У зимовья в это время хохотали до упаду. Наиболее смешливые, не вытерпев, ничком валились на траву. Никула вернулся от маяка героем. Еще не доходя, весело спросил у ребятишек:

– Ну, орлы, слышали, как девок присушивают?

– Ты бы еще от грыжи заговор прочитал.

– Дайте срок, и от грыжи услышите. Сегодня поздно. Покурю вот, да и на боковую.

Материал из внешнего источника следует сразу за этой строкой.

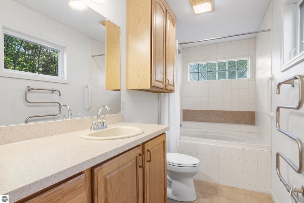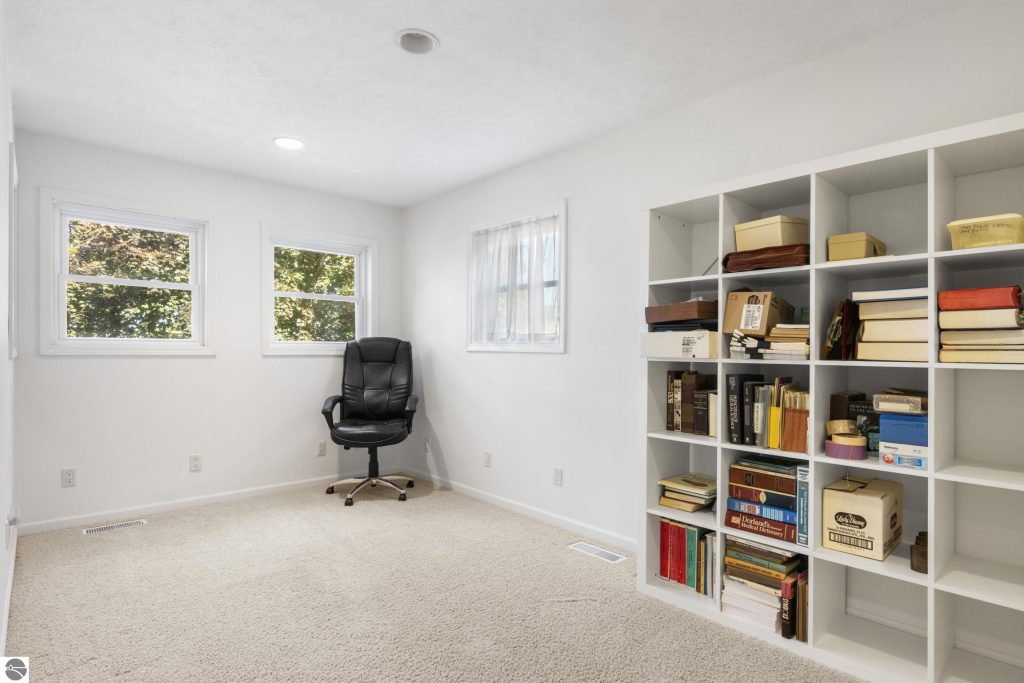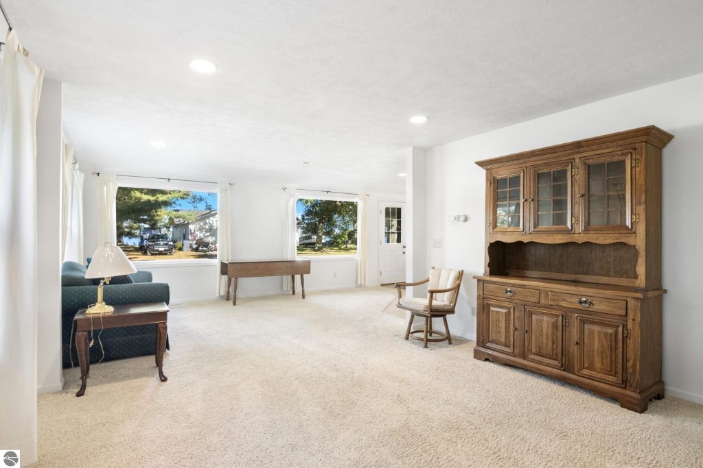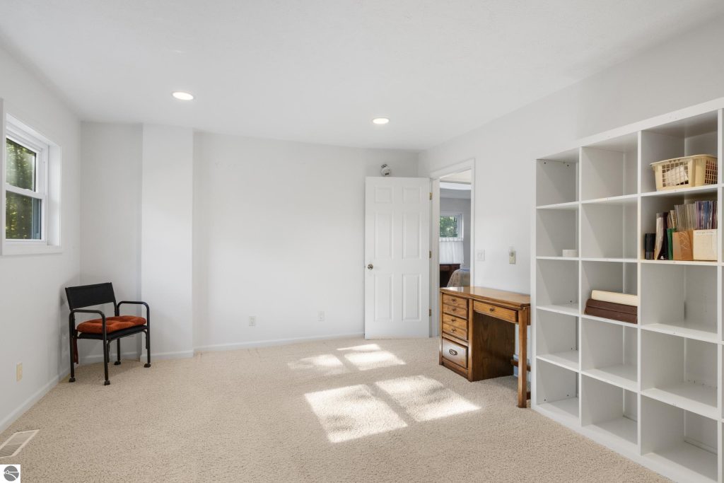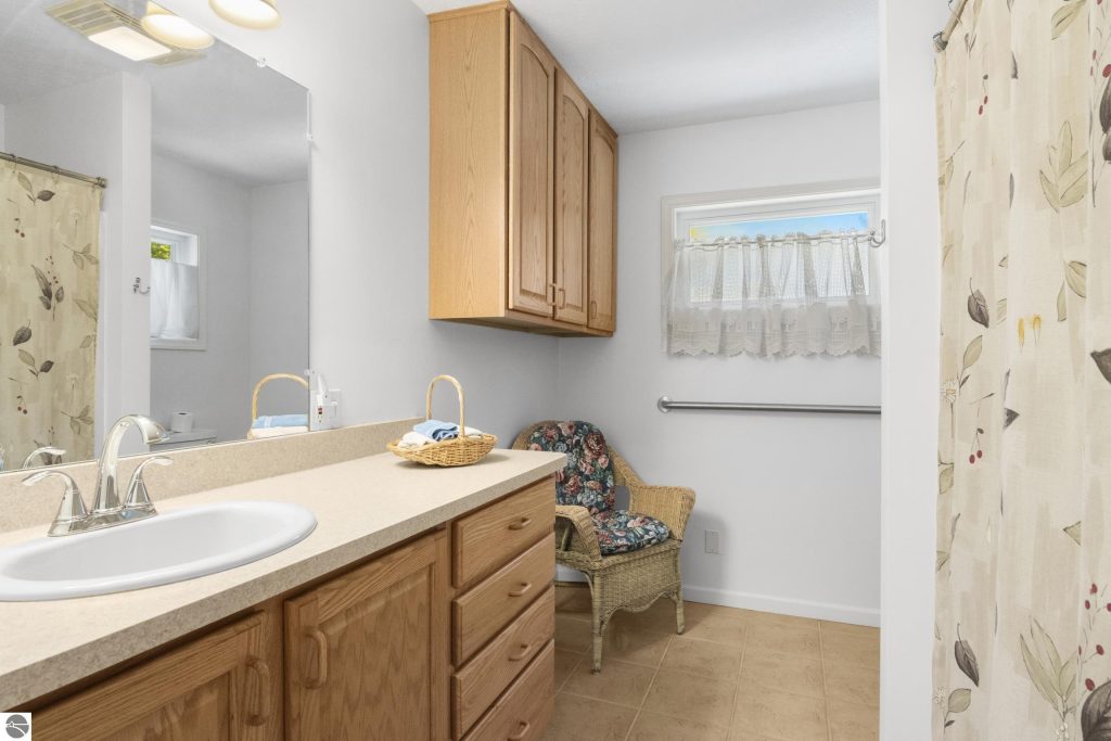 Access to Big Platte Lake comes with this year-round four-bedroom, two-bath home and a huge, detached garage with a workshop. Steps lead to your shared 25 feet of lake access across the street, on the southwest side of the lake. Wear your swimsuit and bring the kayaks, or add a dock to launch into all-sports fun. Completely remodeled in 2001, the two-story home has 2202 sq ft, with plenty of bedrooms for guests or use the space for crafts, hobbies, working out or reading. Everything sparkles and is in move-in condition with built-ins for your belongings. The dining room faces the lake, as does the kitchen sink, so prepare, clean up, and feast this holiday and still enjoy the view. Lengthy counters and plentiful cupboards give you the elbow room and storage you need, with additional cupboards in the hallway for your special dishware. Multiple windows add light to the large living area. The main level also includes a bedroom and full bath, a laundry room with a sink and cupboards, and a mudroom entry. Upstairs are three more bedrooms. The primary bedroom includes a private bath and a large, walk-in closet. A vaulted wood ceiling and bookcase in another room offer a cozy space for your private library. When you are in a social mood, gather on the front deck with friends and head to the back patio. A 48×24 garage has lots of room for vehicles and toys, and the enclosed workshop gives you space to create, tinker and fix. Big Platte Lake is known for swimming, fishing, sailing and boating. Paddle from here to Lake Michigan.

У огнища Никулу встретил выговором Северьян:

– Зря, однако, ты связался с парнем. Он ведь, бедняга, все за правду принимает. Как бы он того… не рехнулся от таких шуток.

– Нашел хуже себя человека и измывается, – поддержал Северьяна Петрован. – За такие дела пороть надо, снять штаны и всыпать.

Никула сразу присмирел. Он уселся на камень, выхватил из огнища уголек, повалял его с руки на руку, раскуривая трубку, и замолчал. Петрован сказал ему:

– Давно бы так. Молчание-то, брат, золото. Молчи, может статься, умнее будешь. Да и на языке мозоли заживут.

– Вот тебе раз! Уж и пошутить нельзя, – виновато посмеивался Никула.

XV

В знойном небе ни облачка. Радует глаз бездонная синева его, опрокинутая над сопками и падями, над пашнями и дремучим лесом. Утренние просторы земли повиты тончайшим шелковьем лазурного пара, и сверкает земля горячими красками, каких не выдумает ни один художник. Никогда не передаст он того, как тянется к солнцу на мшистом утесе горная астра – золотой огонек в жемчужной оправе, как светится алым рубином подгрудок птахи, распевающей на молодой березке, как струится стеклянной рябью воздух в ясное утро после дождя.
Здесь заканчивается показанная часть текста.